**The task:**
If you see a picture in the data below, omit it and copy the rest exactly.

**Data block:**
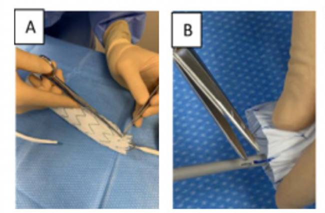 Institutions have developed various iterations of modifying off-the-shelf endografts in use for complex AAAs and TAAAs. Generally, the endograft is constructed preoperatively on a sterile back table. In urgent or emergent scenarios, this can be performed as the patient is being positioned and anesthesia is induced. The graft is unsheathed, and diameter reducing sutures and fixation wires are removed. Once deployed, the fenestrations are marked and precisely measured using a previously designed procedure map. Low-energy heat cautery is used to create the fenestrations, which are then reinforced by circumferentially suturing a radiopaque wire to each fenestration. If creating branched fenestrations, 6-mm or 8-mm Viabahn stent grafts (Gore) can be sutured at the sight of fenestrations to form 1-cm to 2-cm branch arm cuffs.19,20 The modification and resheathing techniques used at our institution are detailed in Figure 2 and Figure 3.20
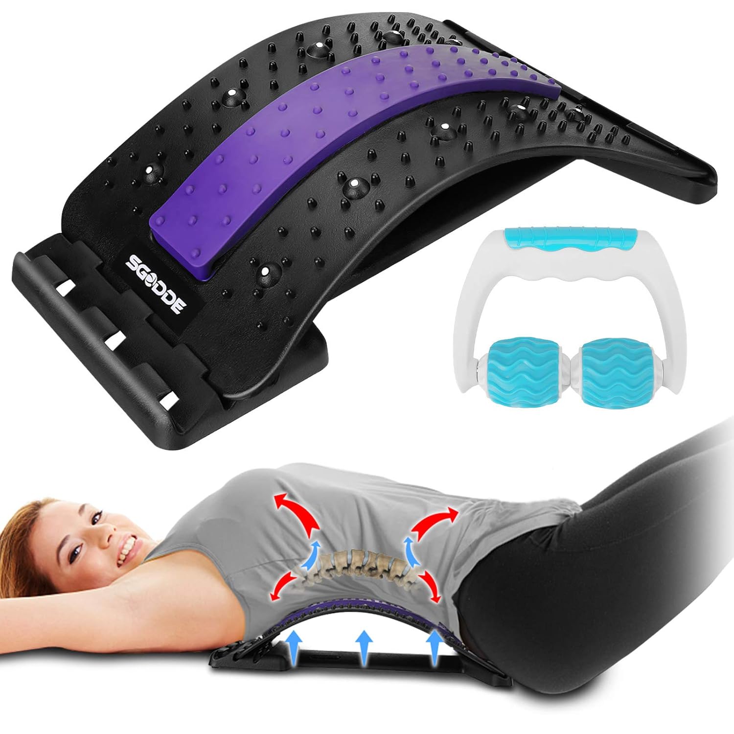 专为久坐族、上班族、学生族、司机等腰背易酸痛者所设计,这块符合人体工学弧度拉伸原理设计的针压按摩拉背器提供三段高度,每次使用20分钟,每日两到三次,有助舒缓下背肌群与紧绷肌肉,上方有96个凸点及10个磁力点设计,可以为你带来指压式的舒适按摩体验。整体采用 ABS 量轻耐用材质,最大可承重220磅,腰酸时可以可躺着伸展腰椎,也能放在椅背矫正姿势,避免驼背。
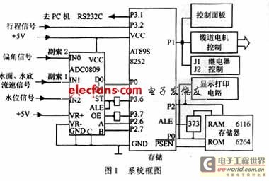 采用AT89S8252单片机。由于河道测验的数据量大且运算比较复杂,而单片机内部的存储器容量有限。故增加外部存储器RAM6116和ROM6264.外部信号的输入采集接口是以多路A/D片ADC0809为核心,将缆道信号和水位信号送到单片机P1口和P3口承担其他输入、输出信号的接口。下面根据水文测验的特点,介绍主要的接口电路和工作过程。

**Output for this task:**
 Institutions have developed various iterations of modifying off-the-shelf endografts in use for complex AAAs and TAAAs. Generally, the endograft is constructed preoperatively on a sterile back table. In urgent or emergent scenarios, this can be performed as the patient is being positioned and anesthesia is induced. The graft is unsheathed, and diameter reducing sutures and fixation wires are removed. Once deployed, the fenestrations are marked and precisely measured using a previously designed procedure map. Low-energy heat cautery is used to create the fenestrations, which are then reinforced by circumferentially suturing a radiopaque wire to each fenestration. If creating branched fenestrations, 6-mm or 8-mm Viabahn stent grafts (Gore) can be sutured at the sight of fenestrations to form 1-cm to 2-cm branch arm cuffs.19,20 The modification and resheathing techniques used at our institution are detailed in Figure 2 and Figure 3.20
 专为久坐族、上班族、学生族、司机等腰背易酸痛者所设计,这块符合人体工学弧度拉伸原理设计的针压按摩拉背器提供三段高度,每次使用20分钟,每日两到三次,有助舒缓下背肌群与紧绷肌肉,上方有96个凸点及10个磁力点设计,可以为你带来指压式的舒适按摩体验。整体采用 ABS 量轻耐用材质,最大可承重220磅,腰酸时可以可躺着伸展腰椎,也能放在椅背矫正姿势,避免驼背。
 采用AT89S8252单片机。由于河道测验的数据量大且运算比较复杂,而单片机内部的存储器容量有限。故增加外部存储器RAM6116和ROM6264.外部信号的输入采集接口是以多路A/D片ADC0809为核心,将缆道信号和水位信号送到单片机P1口和P3口承担其他输入、输出信号的接口。下面根据水文测验的特点,介绍主要的接口电路和工作过程。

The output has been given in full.